-- Opening Marker --
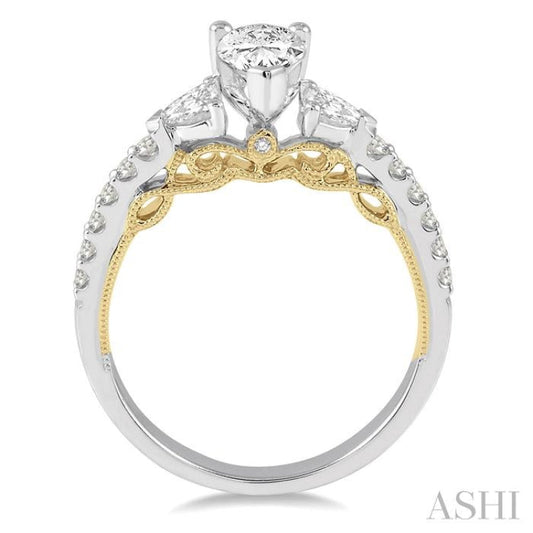 1/2 Ctw Diamond Pear Shape Semi-Mount Engagement Ring in 14K White and Yellow Gold
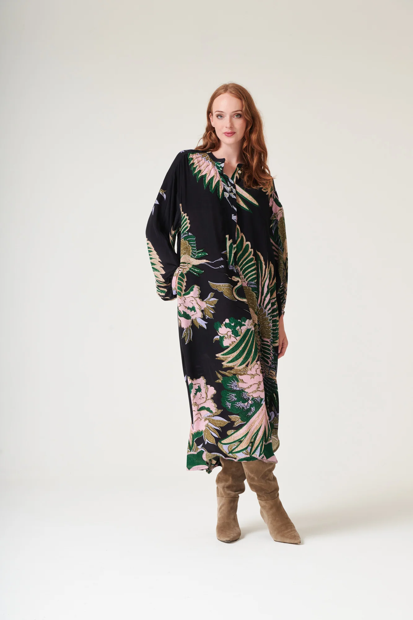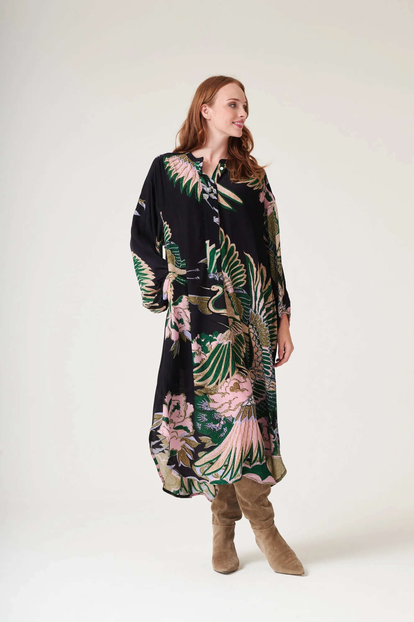 These large, graceful cranes in sand, pink and emerald, green fly across this ‘nearly black’ base.
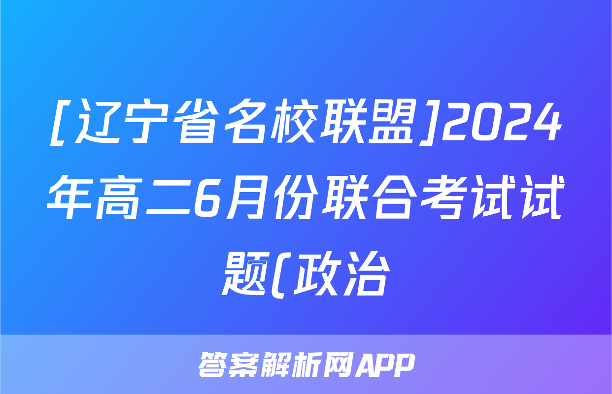 [辽宁省名校联盟]2024年高二6月份联合考试试题(政治)正在持续更新,目前2024-2025衡中同卷答案网为大家整理了相关试题及答案,供大家查缺补漏,高效提升成绩。
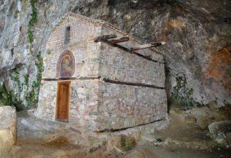 Hermitage Panaghia Eleoussa - 15e s. - avec d’impressionnantes peintures murales encore en bon état. En faisant le tour du lac, admirez les nombreuses peintures sur les rochers et les cellules monastiques de Psarradon
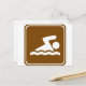 International style road and highway sign advising of recreational facilities, specifically: swimming.
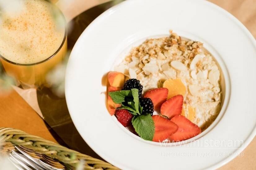 Хмільне М'ясо Вівсяна каша на молоці з сезонними фруктами/ягодами
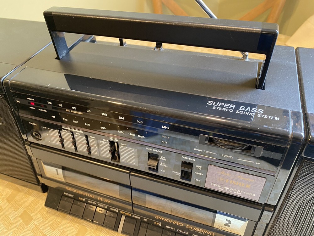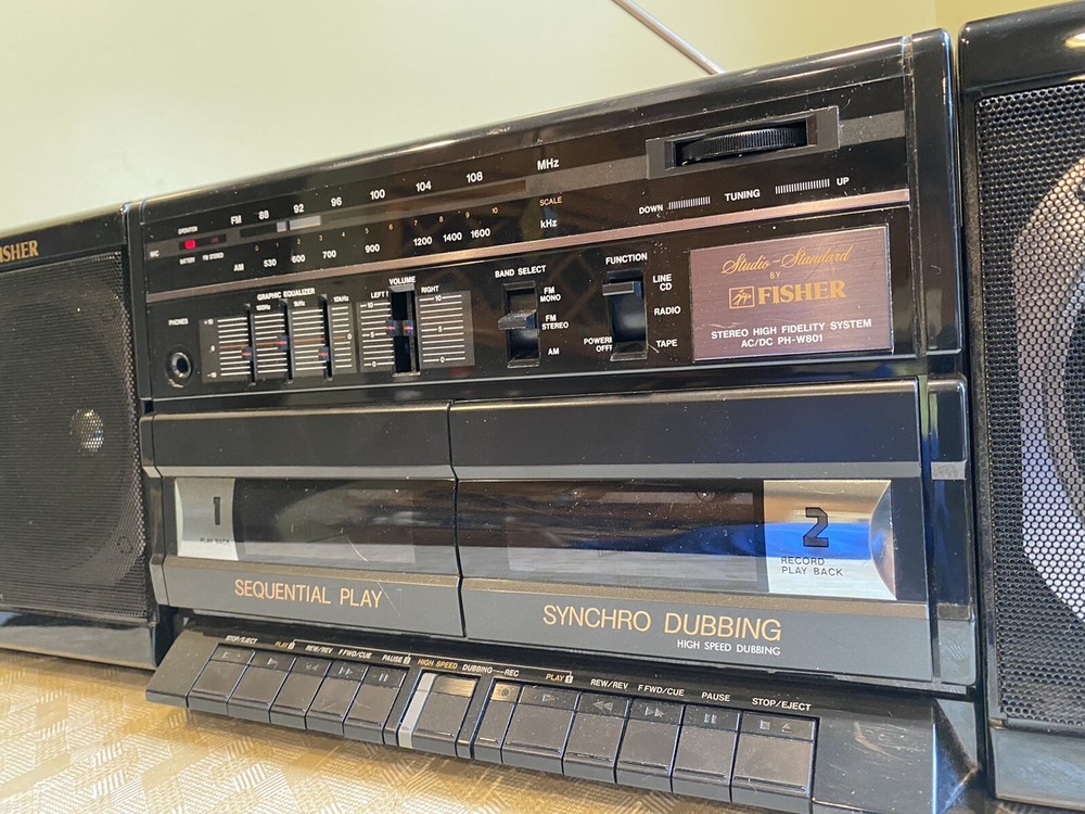 Fisher PH-W801 Surround Sound Boombox AM/FM WORKING Cassette DOES NOT WORK. When attempting to use the cassette player (with or without a cassette) it just makes a humming sound from inside, I assume the belts have failed from age. This unite still works on am and fm radio and makes for a great throwback radio or item for your collection. Please view all photos and use your own judgment when purchasing.
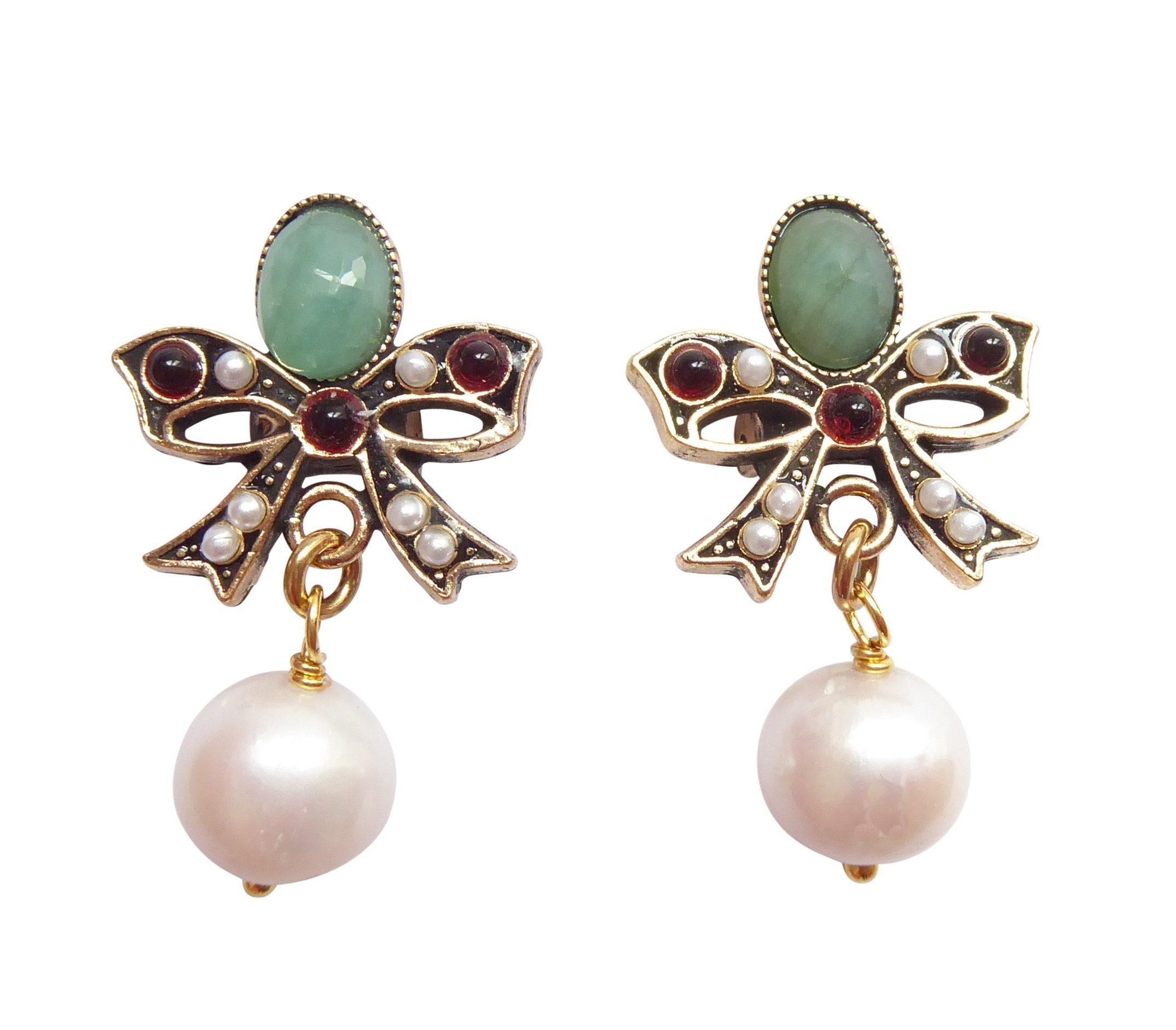 Verspielte Clips mit einem grünen Smaragdstein, kleinen roten Granat-Steinen und Süßwasserperlen. Der Anhänger mit einer großen Süßwasserperle verleiht den Ohrringen einen anmutigen Eindruck. Die stilvollen Clips sind Messing vergoldet. Die Romantikerinnen unter den Frauen werden diese nostalgischen Ohrringe in Schleifenform lieben. Diese edlen, eleganten Ohrringe werden in Florenz in der Werkstatt des berühmten italienischen Designers Giampiero Alcozer in liebevoller Handarbeit gefertigt. Sie sind inspiriert durch historischen Schmuck der Renaissance und des Barock. Durch ihr außergewöhnliches Design sind sie ideal für Feste und Hochzeiten - aber auch ein stilvoller Begleiter für jeden Tag. Maße der Ohrringe: Höhe: 3,2 cm, Breite: 2,0 cm.
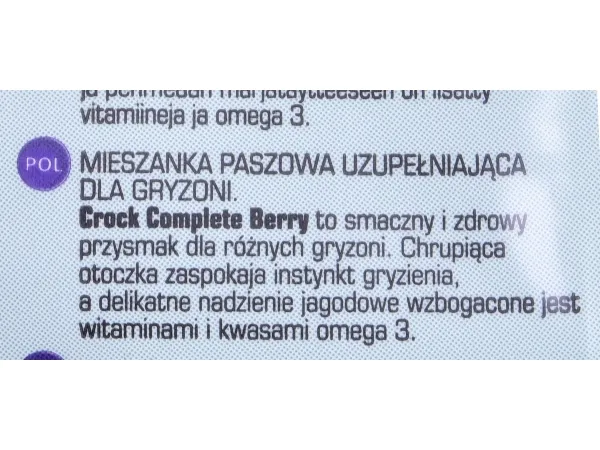 Versele-Laga Crock Berry, Matbit, 50 g, Kanin, Omega-3, Vitamin A, Vitamin C, Vitamin D3, Vitamin E, Veske
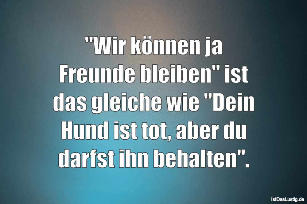 Wir Konnen Ja Freunde Bleiben Ist Genauso Wie Dein Hund Ist Tot Aber Du Darfst Ihn Trotzdem Behalten Tolle Spruche Und Zitate Auf Www Likemonster De
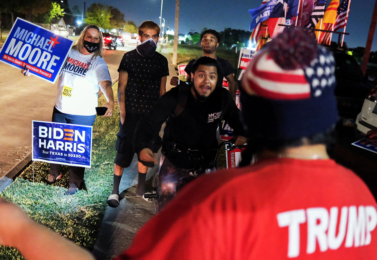 Biden supporters face off with a Trump supporter in Houston, Texas, on Nov 3, 2020.
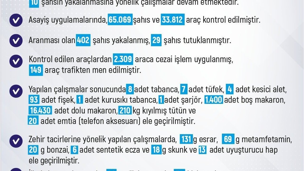 Yapılan çalışmalar sonucunda 8 adet tabanca, 7 adet tüfek, 4 adet kesici alet, 93 adet fişek, 1 adet kurusıkı tabanca, 1 adet şarjör, bin 400 adet boş makaron, 16 bin 430 adet dolu makaron, 210 kilo kıyılmış tütün ve 20 adet telefon aksesuarı ele geçirildi. Zehir tacirlerine yönelik yapılan çalışmalarda, 131 gram esrar, 69 gram metamfetamin, 20 gram bonzai, 6 adet sentetik ecza ve 18 gram skunk ve 13 adet uyuşturucu hap ele geçirildiği bildirildi.
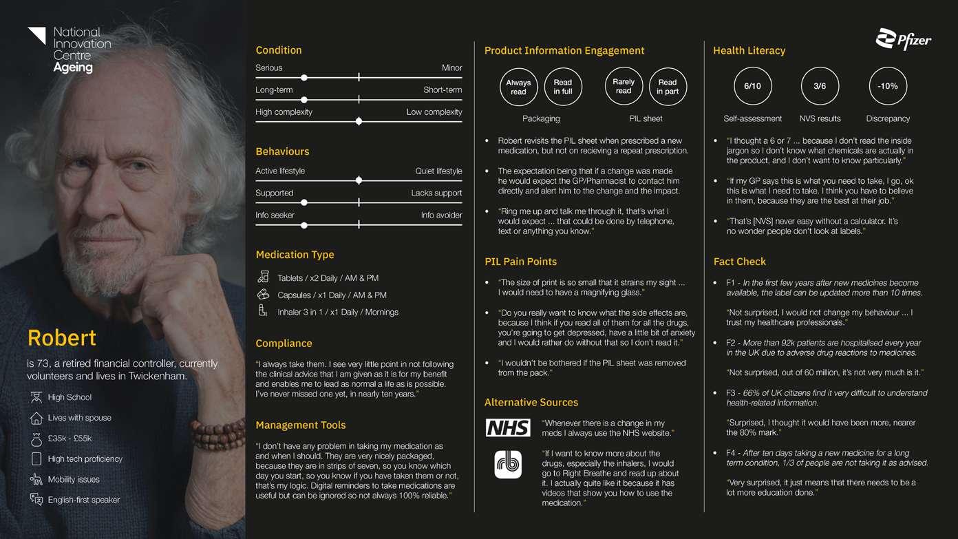 Condition Active lifestyle Quiet lifestyle Supported Lacks support Info seeker Info avoider Medication Type Tablets / x3 Daily / Mornings with breakfast Compliance • George ‘always’ takes his medication as prescribed. • “It has become a regular habit.” Health Literacy • “As my medication has remained constant I assume if there was any change in advice it would be drawn to my attention by either or both the GP or Pharmacy.” Product Information Engagement • “I feel the product information within the packets is just a waste of paper.” • “I mean to my mind it tells you what might happen, but if it hasn’t happened why do you want to know.” • “I think, more and more knowledge doesn’t necessarily make it easier to understand and I feel particularly sorry for people who read it and get worried.” • “Use of jargon and lengthy explanations doesn’t help.” PIL Pain Points is 94, a retired architect and lives in the North East of England. Bachelors degree Lives with spouse £15k - £35k Low tech proficiency English-first speaker Behaviours Serious Long-term Short-term High complexity Low complexity Minor Rarely read Packaging Read in part Never read PIL sheet N/A • “How much do I want to understand it? If I understood it 95%, would I be any better? If it isn’t worth the effort, why do it?” Fact Check • F1 - In the first few years after new medicines become available, the label can be updated more than 10 times. “Not surprised, If
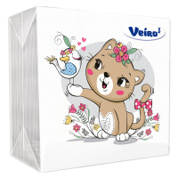 Салфетки бумажные Veiro 1 слойн., 24*24см, белые, с рисунком 'Котик', 50шт.
-- Closing Marker --
ASSIGNED TASK: With all pictures removed, reproduce the lines from the top of the entries above through the line containing "Biden supporters face", exactly as written.

RESPONSE BELOW:
 1/2 Ctw Diamond Pear Shape Semi-Mount Engagement Ring in 14K White and Yellow Gold
 These large, graceful cranes in sand, pink and emerald, green fly across this ‘nearly black’ base.
 [辽宁省名校联盟]2024年高二6月份联合考试试题(政治)正在持续更新,目前2024-2025衡中同卷答案网为大家整理了相关试题及答案,供大家查缺补漏,高效提升成绩。
 Hermitage Panaghia Eleoussa - 15e s. - avec d’impressionnantes peintures murales encore en bon état. En faisant le tour du lac, admirez les nombreuses peintures sur les rochers et les cellules monastiques de Psarradon
 International style road and highway sign advising of recreational facilities, specifically: swimming.
 Хмільне М'ясо Вівсяна каша на молоці з сезонними фруктами/ягодами
 Fisher PH-W801 Surround Sound Boombox AM/FM WORKING Cassette DOES NOT WORK. When attempting to use the cassette player (with or without a cassette) it just makes a humming sound from inside, I assume the belts have failed from age. This unite still works on am and fm radio and makes for a great throwback radio or item for your collection. Please view all photos and use your own judgment when purchasing.
 Verspielte Clips mit einem grünen Smaragdstein, kleinen roten Granat-Steinen und Süßwasserperlen. Der Anhänger mit einer großen Süßwasserperle verleiht den Ohrringen einen anmutigen Eindruck. Die stilvollen Clips sind Messing vergoldet. Die Romantikerinnen unter den Frauen werden diese nostalgischen Ohrringe in Schleifenform lieben. Diese edlen, eleganten Ohrringe werden in Florenz in der Werkstatt des berühmten italienischen Designers Giampiero Alcozer in liebevoller Handarbeit gefertigt. Sie sind inspiriert durch historischen Schmuck der Renaissance und des Barock. Durch ihr außergewöhnliches Design sind sie ideal für Feste und Hochzeiten - aber auch ein stilvoller Begleiter für jeden Tag. Maße der Ohrringe: Höhe: 3,2 cm, Breite: 2,0 cm.
 Versele-Laga Crock Berry, Matbit, 50 g, Kanin, Omega-3, Vitamin A, Vitamin C, Vitamin D3, Vitamin E, Veske
 Wir Konnen Ja Freunde Bleiben Ist Genauso Wie Dein Hund Ist Tot Aber Du Darfst Ihn Trotzdem Behalten Tolle Spruche Und Zitate Auf Www Likemonster De
 Biden supporters face off with a Trump supporter in Houston, Texas, on Nov 3, 2020.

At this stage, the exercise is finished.